Open up the output table and have a look at it. The second column gives the full predicted taxonomy, with bootstrap support in parentheses. The third column contains the strand and the fourth column gives only the taxonomic ranks with support at or above our -sintax_cutoff threshold.

Classification using RDP or SPINGO¶

We won’t run these tools on our own machine because they take a little bit more preliminary work to get the classifier set up. RDP, for example, requires that you train the classifier using the sequences and an associated taxonomy file - MIDORI supplies these, but the format isn’t quite correct so they would require some manual fiddling. If you want to figure out how to use RDP for your own data with a custom database, this page provides a good starting point, and you should also review the instructions available on the RDP classifier github page.

Instead, we will take advantage of the server made available by the MIDORI team. You can access the server here. You can see that you can select a program, paste or upload your sequences, and select a database and searching parameters. We suggest uploading your OTU sequences and running RDPClassifier against the Unique CO1 database, with default parameters. We use Unique because it’s a smaller database so won’t take quite as long, we don’t want to overload their server. You could run SPINGO too, but its outputs require more processing to be comparable. RDP outputs two files, the hier_outfile is a summary and the usga_classified is the individual OTU taxonomies, you want the latter. Upload it to your machine alongside the MEGAN and SINTAX classifications.

Comparing classifications¶

Exercise

To quickly get an idea of how many Coleoptera OTUs we have, run the following command on the SINTAX output file, the RDP classified file, and the MEGAN output you uploaded:

grep -c "Coleoptera" input

Do the different assignment programs agree?

Download these files to your computer using your FTP client and open them up in a text editor or spreadsheet software. The exact format varies, but all they output broadly similar information: the name of the OTU, some taxonomy and a confidence for each taxonomic level. They are fairly intuitive.

Compare the MEGAN, RDP and SINTAX classifications for some different OTUs.
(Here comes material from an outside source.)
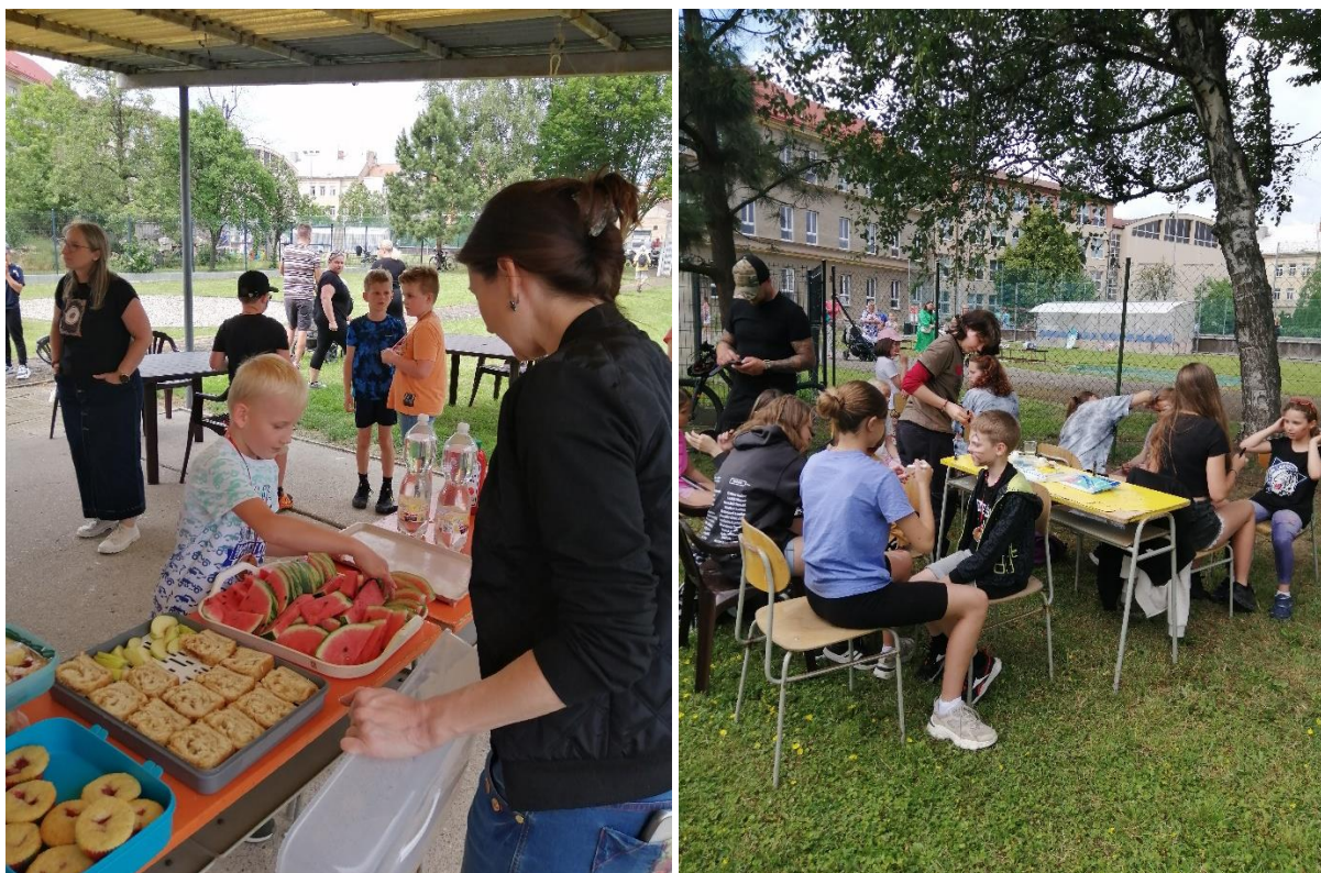
Dětský den 31. 5. 2024

Which programs produce identifications to the lowest taxonomic levels (i.e. towards species)?
Are species level identifications likely to be accurate?
What levels of confidence are given to the order level identifications? Might this be very conservative? Why?
What other taxa do we apparently have?

You will see that we have some obvious non-Coleoptera OTUs, but also some OTUs that have been assigned to other Insect orders.
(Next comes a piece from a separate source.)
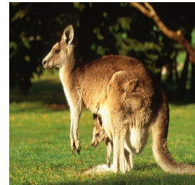
Le kangourou roux ( Macropus rufus )
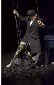
Salto Lamento, Figuren theater Tübingen

Marionnette à fils : Marionnettes dont la manipulation se fait par le haut à l'aide de fils suspendus à ses membres. Ce type de marionnette est aussi appelé « Fantoche » et nécessite beaucoup d'habileté pour la manipuler. Une variante de ce type de marionnette est la « liégeoise » qui mélange les fils (toujours aux membres) et une tringle métallique fixée à la tête.

How consistent are these identifications between methods?
Are we confident that these really are not Coleoptera?

Note that it’s perfectly feasible that there could have been non-Coleoptera Insect DNA in these samples.
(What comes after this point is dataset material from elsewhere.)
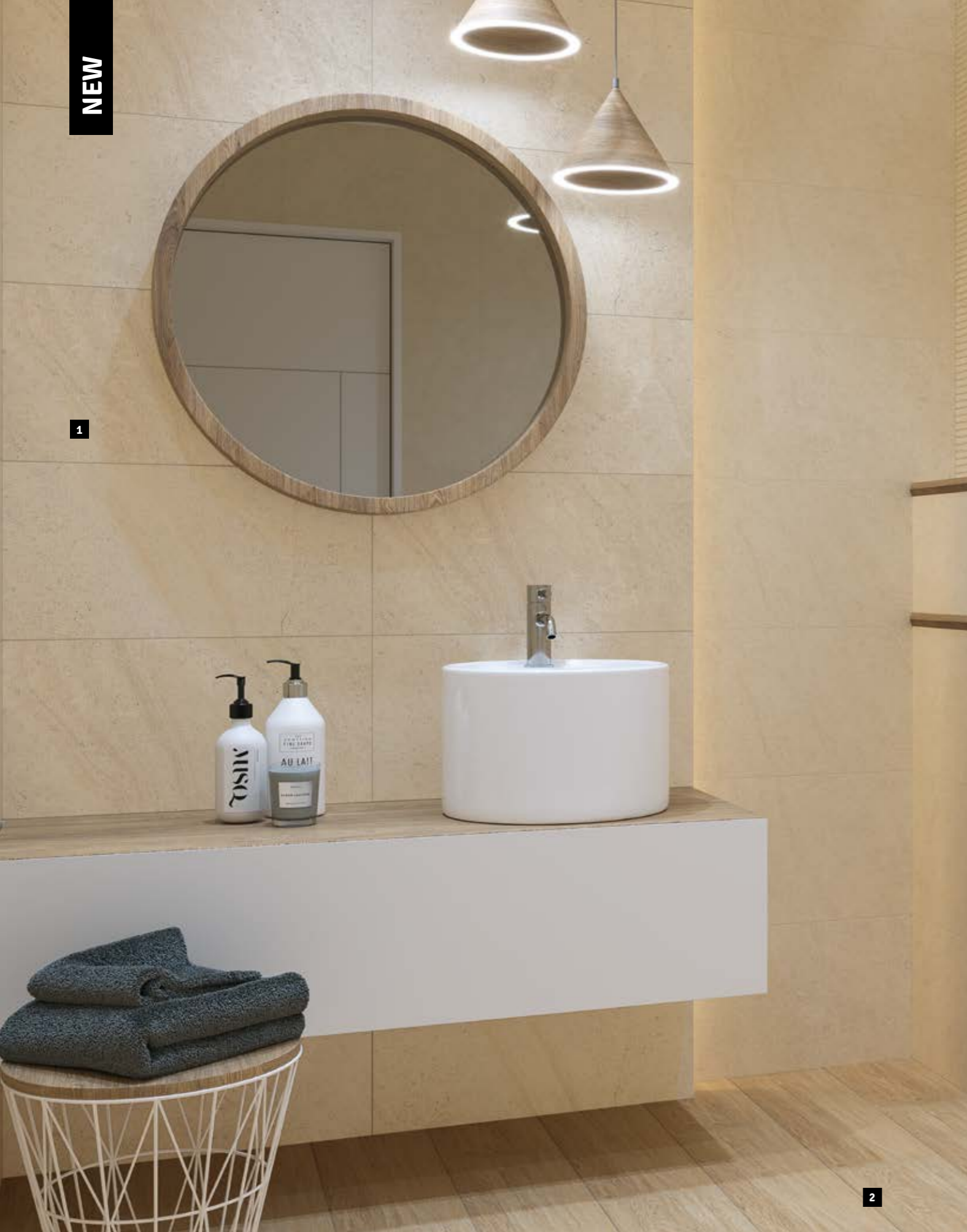
1 | SUNLIGHT SAND DARK CREMA MATT. 30×60 SUNLIGHT SAND DARK CREMA 30×60 MATT

Classification is only as good as the database and the method used. We tend to find considerable variation between different methods, and it’s hard to decide which is correct. Generally, we would advise treating classifications conservatively, and if using a method that assigns confidence, only accept high confidence classifications.

Next steps¶

Of course, the ideal situation would be that you have a reference set of barcode sequences for all possible species in your dataset. In the next tutorial, we will look at how to match your OTUs to a reference set.

An alternative approach to classification uses phylogenetics to assign taxonomy based on phylogenetic placement. We look at one method to do this in the phylogenetic classification tutorial.